Sugarman had turned and was heading north on the bike path.

Thorn caught up with him, matched his stride, but Sugar wouldn't look his way.

“Listen, man, we can work together on this. We'll get Janey back. We can do it, I know we can.”

Sugar was striding fast, not even looking at Thorn.

“This guy, Webster, he's got to be a rogue agent. That's not how these guys operate. Christ, they don't get involved with kidnapping children. They're straight arrows, they have rules, oversight. It's out
rageous. Impossible. We'll call the FBI field office in Miami, talk to that guy you know, Sheffield, whatever the hell his name is.”

Sugarman kept walking, shooting Thorn a quick look and shaking his head.

“Yeah, Thorn, whatever you say. A rogue agent. Like all of a sudden you're an expert on international intrigue. What'd you do, read a spy novel, now you're an authority? Like the feebs are going to come to attention for you and me? No way, Thorn, we're out in the cold, man. We're out in the goddamn Arctic Circle.”

“Look, we need to stick together on this, Sugar.”

“Leave me alone, goddamn it. Janey's gone. I don't need your help and I don't want your help. You'd just suck us deeper into this bullshit. This is my daughter. I'll handle it my own way.”

“Why'd they take us in separate rooms, Sugar? Show you one thing, me another? Because they want to break us up, isolate me, control me better. Convince you I caused this whole thing.”

“So long, Thorn,” Sugarman called back. “Good luck.”

Thorn tagged along for a half-mile, then stopped and watched Sugarman plowing ahead at a furious clip. He stood there as his friend disappeared into the darkness up ahead.

Fifteen

Backing off the throttle to a near stall, Vic circled once over his Islamorada property, tipped the Mallard's wings, and caught a quick glimpse of Anne lying on a chaise lounge next to the pool, one of the servants in her white uniform standing at attention near the pool house.

“Feature films are the logical next step, Marty.

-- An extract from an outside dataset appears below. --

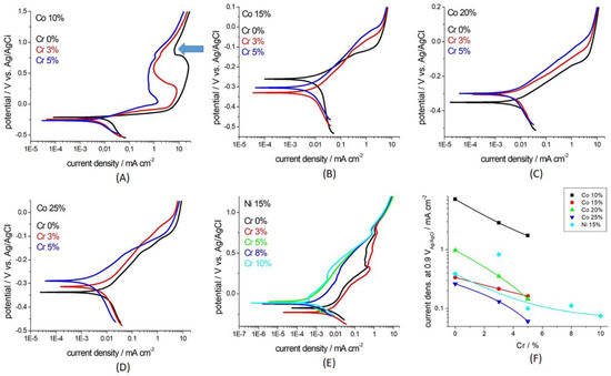(A–E) LSV curves for the indicated Co- and Ni-base hard metal grades with Cr additions, in Na2SO4 0.5 M aerated aqueous solution (scan rate: 1 mV s−1). (F) The current density at 0.9 VAg/AgCl for the investigated grade (i.e., the potential corresponding to the anodic end of the PP potential range of the Cr-free Co 10% grade, see grey arrow in Panel (A)).

These days, you want to tell a story, you got to do it on the silver screen.”

Marty looked out of the windscreen and didn't reply. Still queasy from the trip. After all those hours in the plane, any normal person would be over it by now. But Marty still looked like he was about to dump his breakfast on the instrument panel. Or maybe it was all the blood from Thursday night still floating around in his head. He'd puked then, too, over the side of Markham's boat. Disappointing Vic, tarnishing the luster of the night's work.

“You've seen one or two movies, right, Marty?”

Marty nodded.

“Well, the minute I'm finished with this land deal, what I'm doing
next is, I'm going to put together a Hollywood film. I know people on the Coast, thrown some business their way over the years. Soon as we get a story line together, I'll make the calls. Mom would love that, a movie all her own. Hell, I could even dedicate the fucker to her, get her name on the screen, first words you see when the lights go down, even before the actors or the title.
‘In loving memory of Antoinette Joy, the greatest mom a boy could have.'
She'd fucking love it. A pirate movie that got it right for once.”

Vic came down easy and set the Mallard on the flat blue water, a buttery landing, though Marty tightened his harness and tightened it again as they were touching down, never relaxing his grip on the overhead handle till Vic slowed to an idle and headed for the ramp.

Back on land, he and Marty walking up the easy slope toward the pool, Vic said, “You know what that airplane cost me, Marty?”

Marty swallowed and said, no, no, he had no idea.

“A million five for the turboprop. I could've gone with the recip engine, but hell, I wanted the extra muscle. That's something I got from my daddy: love of horsepower.”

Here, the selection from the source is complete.